Congressional impatience with the war in Yemen, which has been growing over the last three years, came to a fever pitch when MbS’s role in the murder of Khashoggi became irrefutable. Ending U.S. involvement in the war in Yemen has now become the de facto position of the Democratic Party. Attempts to force votes in the House and Senate have attracted bipartisan support in Congress and from the American public.
Yet, as indicated by his statement last week, Trump has doubled down on protecting MbS because he and his cabinet have pinned their entire regional strategy on Saudi Arabia (and because of Trump’s personal business ties and interests with Saudi Arabia). Trump’s apparent preference for continuing his march to war with Iran over ending the bloodshed and famine in Yemen should expose the bipartisan failures of decades of U.S. foreign policy in the Middle East. Indeed, Iran hawks expressed public disbelief at the statement, but their outrage rings hollow. Even though Trump is blatantly breaking with past presidential norms by ignoring a high-profile human rights violation, he is mollifying those same hawks by quietly gearing up for a conflict with Iran with the backing of the Gulf States and Israel.
Similarly, a mea culpa from former Obama-era officials on their role in starting U.S. support for the war in Yemen — although welcome — asserted that Iran was also to blame because of its role in “overthrowing the Yemeni government.” A true reckoning with the Obama administration’s role in the destruction of Yemen wouldn’t have emphasized Iran’s role or the conditional nature of U.S. support.
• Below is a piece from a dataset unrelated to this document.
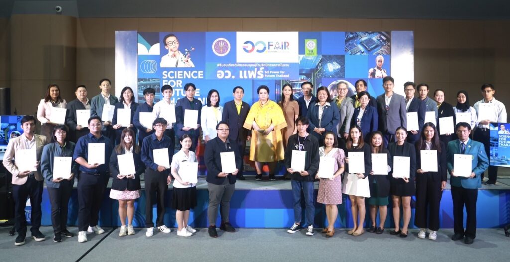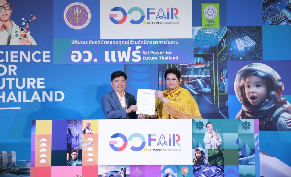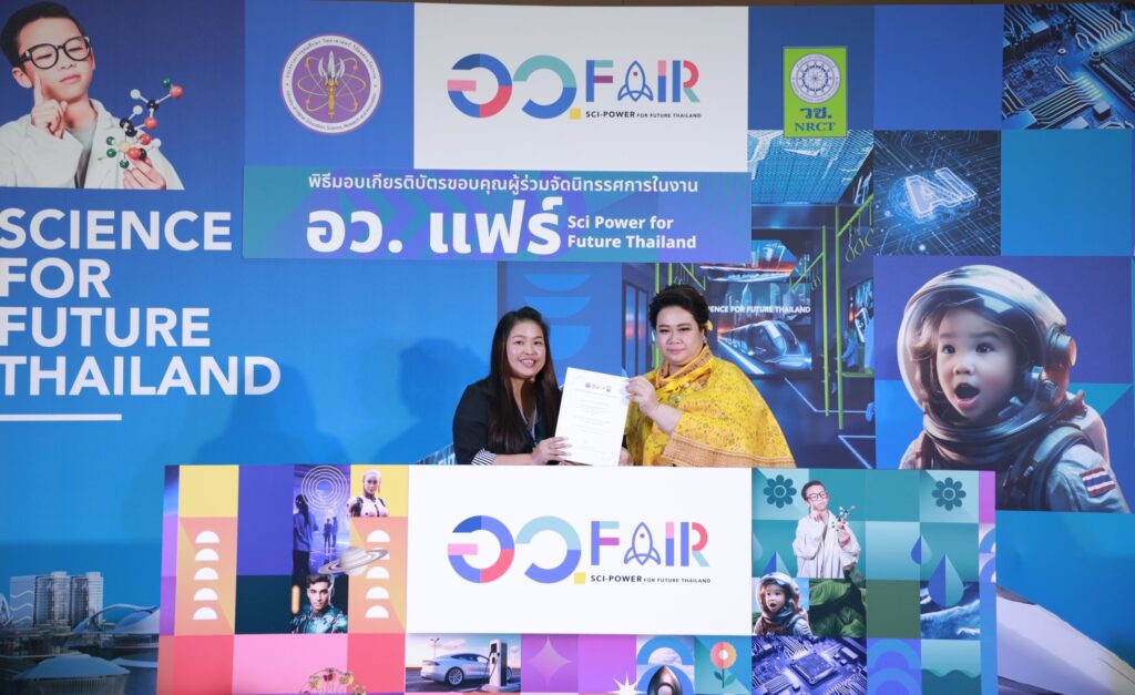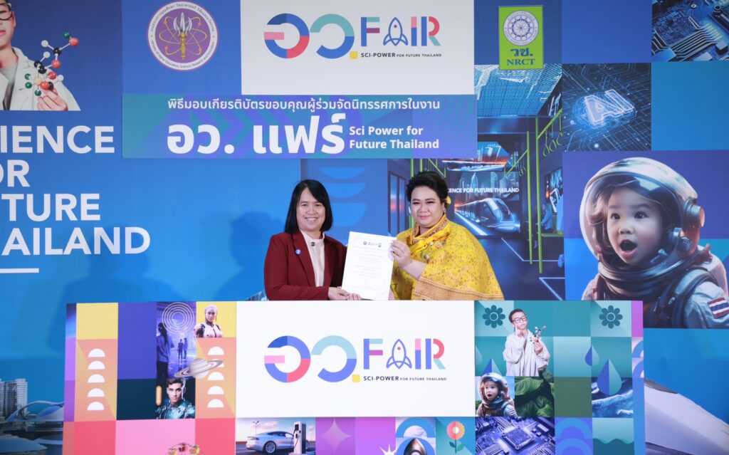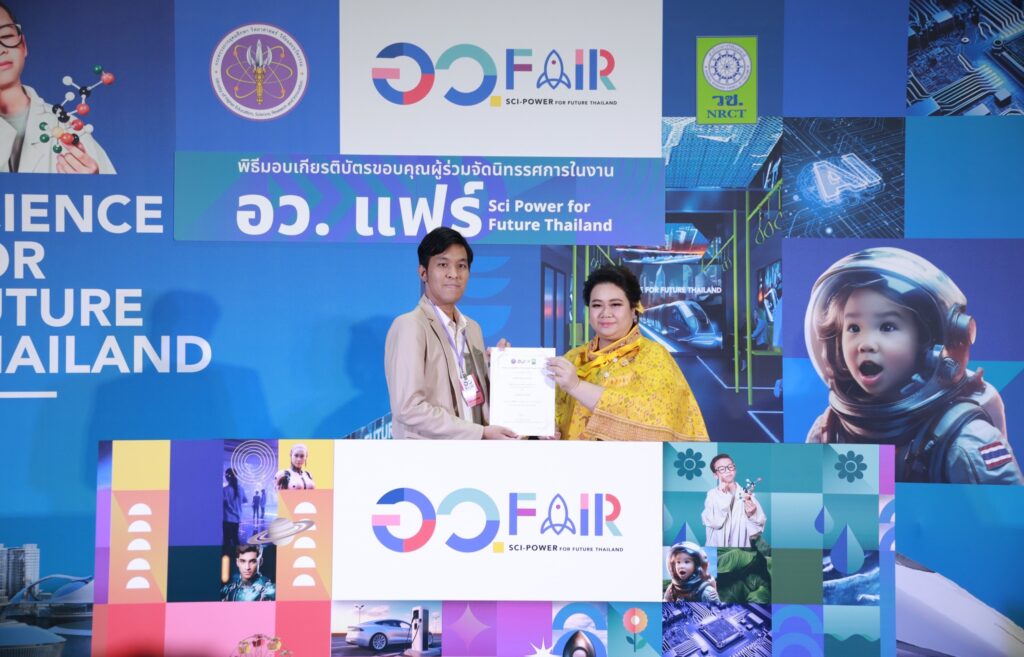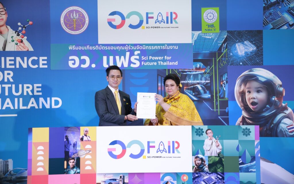 เมื่อวันที่ 27 กรกฎาคม 2567 ณ พื้นที่นิทรรศการของNRCT โซน F : นางสาวศุภมาส อิศรภักดี รัฐมนตรีว่าการกระทรวงการอุดมศึกษา วิทยาศาสตร์ วิจัยและนวัตกรรม เป็นประธานในพิธีมอบประกาศนียบัตรแสดงความยินดีแก่ Hub of Talents & Knowledge for All และภาคเอกชน ที่ร่วมนำเสนอผลงานและจัดนิทรรศการในงาน อว.แฟร์: SCI POWER FOR FUTURE THAILAND ซึ่งจัดระหว่างวันที่ 22–28 กรกฎาคม 2567 โดยมีนางสาวสุชาดา แทนทรัพย์ เลขานุการรัฐมนตรีกระทรวง (อว.) ศ.ดร.ศุภชัย ปทุมนากุล รองปลัดกระทรวง อว. ศ.เกียรติคุณ ดร.นพ.สิริฤกษ์ ทรงศิวิไล ประธานคณะกรรมการส่งเสริมวิทยาศาสตร์ วิจัยและนวัตกรรม ดร.วิภารัตน์ ดีอ่อง ผู้อำนวยการสำนักงานการวิจัยแห่งชาติ และผู้บริหาร (อว.) เข้าร่วมกิจกรรม ณ Mini Stage โซน F ศูนย์การประชุมแห่งชาติสิริกิติ์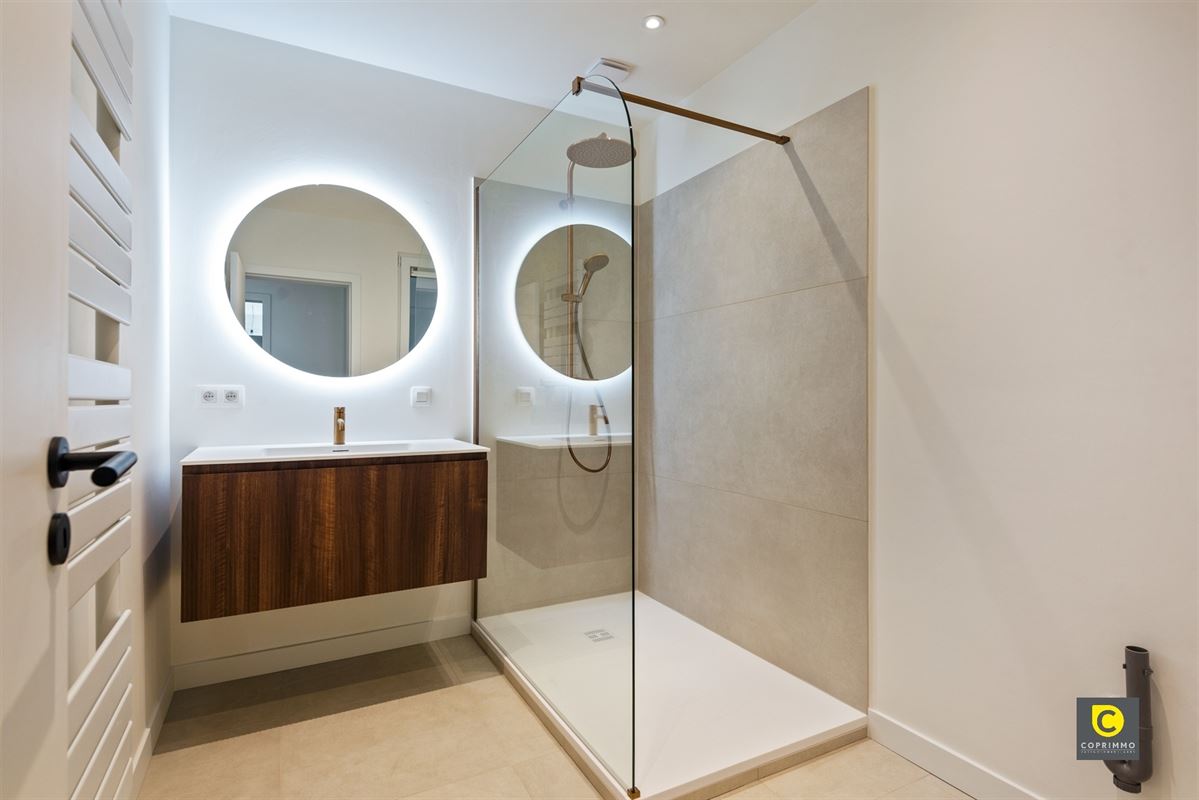 De lichtrijke leefruimte, dankzij de grote raampartijen, sluit mooi aan op de open keuken. Deze is volledig uitgerust en biedt directe toegang tot het aangename terras.

Rather, it would acknowledge that the U.S. strategy of propping up of authoritarians throughout the region has brought about the very destruction, mass murder, and human rights abuses that exist today in Yemen and elsewhere.
No doubt the Obama administration’s failure to truly support the people rather than governments during the Arab Spring was in part due to the influence of Saudi Arabia and the UAE, two countries terrified of democratic change on their doorstep and the emergence of a political Islam that doesn’t rely on the rule of a royal family. The Saudi and UAE’s lobby machines in Washington have been around for years, quashing any congressional criticism, garnering sympathy from journalists, and until recently acting behind a shroud of K Street lobbying firms. Gulf state influence has only multiplied under this administration through a coordinated front with Israel to push for an end to the Iran nuclear deal and foment a U.S.-led confrontation with Iran in various venues across the region, including Yemen.
That’s why the vote this week on the bipartisan war powers resolution on Yemen (S.J.Res. 54), led by Senators Bernie Sanders (I-VT), Mike Lee (R-UT), and Chris Murphy (D-CT), is critical on so many levels. It’s important to codify the Defense Department’s decision to end U.S. refueling support for the Saudi-led coalition in Yemen and cut off all remaining U.S. military support for the coalition, which includes U.S. targeting assistance and intelligence sharing. Voting to pass S.J.Res. 54 will also bind the administration to its stated position of seeking a negotiated solution to the conflict and its call for a ceasefire within 30 days, and prevent the resumption of U.S. support should talks or a ceasefire falter. Moving to permanently end the U.S. military role in the conflict would not only be a much-needed signal to the coalition that U.S. support is not unconditional and the war must end now, but also an important step toward reasserting the constitutional authority of Congress over war-making.
But this vote could signal something even more important. If the bill passes, the Senate could stop the president’s plan for more war in the region in its tracks. It could show that there are limits to the tired Washington consensus that military confrontation is worth throwing American values and international norms out the window to maintain a hand-in-glove relationship with brutal dictators. It may also finally signal that, at the very least, Congress finally recognizes that backing despots who kill dissidents at home and abroad, starve millions of civilians for questionable military advantages, and use threats to keep Washington silent is a tried-and-failed strategy that serves no one but the despots themselves.
This article first appeared on LobeLog.